# DIRECTIONS FOR THIS TASK
Print the data exactly as written, line for line, and leave its pictures behind.
[MATERIAL PROVIDED — start]
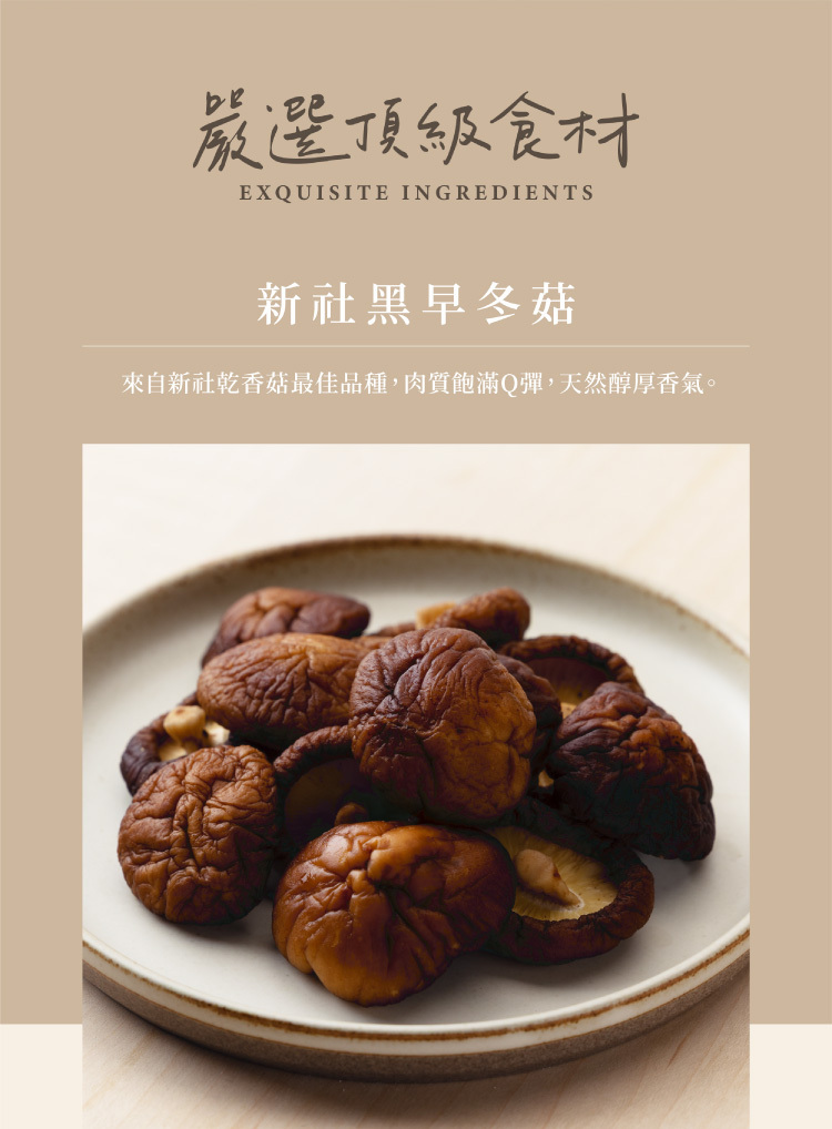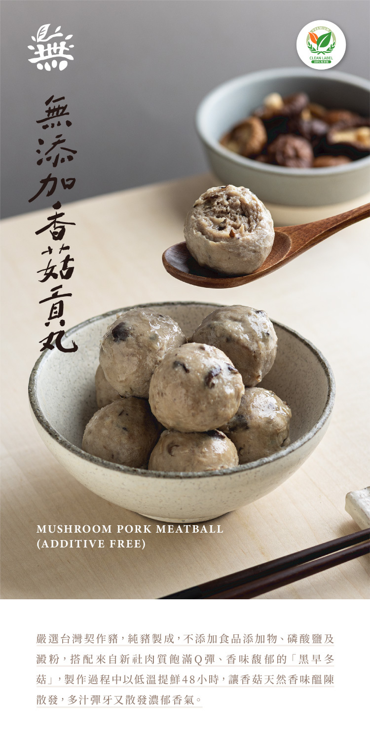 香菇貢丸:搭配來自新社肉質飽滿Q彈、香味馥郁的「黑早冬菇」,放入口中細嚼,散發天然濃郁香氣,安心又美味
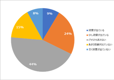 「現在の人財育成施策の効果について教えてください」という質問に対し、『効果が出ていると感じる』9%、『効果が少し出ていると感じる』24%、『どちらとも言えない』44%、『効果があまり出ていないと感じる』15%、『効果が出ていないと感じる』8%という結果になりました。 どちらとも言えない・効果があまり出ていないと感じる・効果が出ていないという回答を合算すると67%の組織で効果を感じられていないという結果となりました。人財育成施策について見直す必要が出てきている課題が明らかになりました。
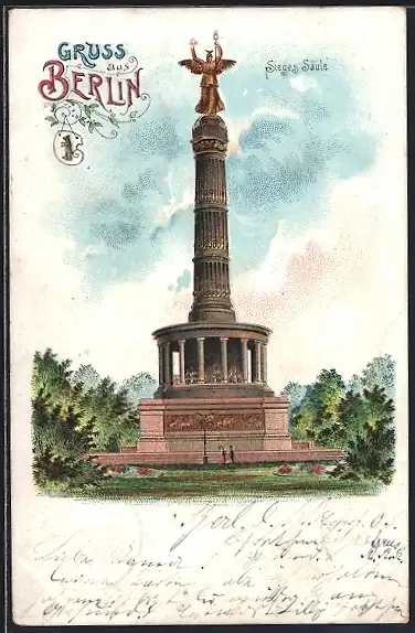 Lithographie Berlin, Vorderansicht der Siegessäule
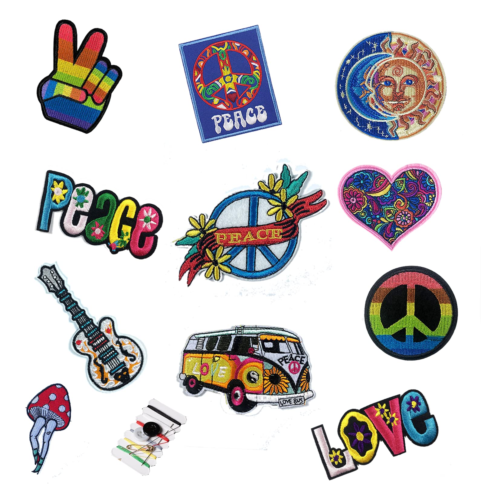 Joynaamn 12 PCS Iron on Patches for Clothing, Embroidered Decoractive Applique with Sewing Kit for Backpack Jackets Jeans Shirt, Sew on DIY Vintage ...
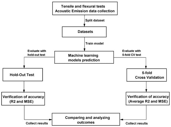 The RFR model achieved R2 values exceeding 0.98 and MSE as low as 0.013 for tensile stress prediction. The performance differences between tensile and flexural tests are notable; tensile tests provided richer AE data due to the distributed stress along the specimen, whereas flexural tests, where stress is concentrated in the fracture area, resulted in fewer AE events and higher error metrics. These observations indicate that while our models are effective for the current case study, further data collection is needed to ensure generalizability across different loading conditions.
[MATERIAL PROVIDED — finish]
# TASK RESPONSE
 香菇貢丸:搭配來自新社肉質飽滿Q彈、香味馥郁的「黑早冬菇」,放入口中細嚼,散發天然濃郁香氣,安心又美味
 「現在の人財育成施策の効果について教えてください」という質問に対し、『効果が出ていると感じる』9%、『効果が少し出ていると感じる』24%、『どちらとも言えない』44%、『効果があまり出ていないと感じる』15%、『効果が出ていないと感じる』8%という結果になりました。 どちらとも言えない・効果があまり出ていないと感じる・効果が出ていないという回答を合算すると67%の組織で効果を感じられていないという結果となりました。人財育成施策について見直す必要が出てきている課題が明らかになりました。
 Lithographie Berlin, Vorderansicht der Siegessäule
 Joynaamn 12 PCS Iron on Patches for Clothing, Embroidered Decoractive Applique with Sewing Kit for Backpack Jackets Jeans Shirt, Sew on DIY Vintage ...
 The RFR model achieved R2 values exceeding 0.98 and MSE as low as 0.013 for tensile stress prediction. The performance differences between tensile and flexural tests are notable; tensile tests provided richer AE data due to the distributed stress along the specimen, whereas flexural tests, where stress is concentrated in the fracture area, resulted in fewer AE events and higher error metrics. These observations indicate that while our models are effective for the current case study, further data collection is needed to ensure generalizability across different loading conditions.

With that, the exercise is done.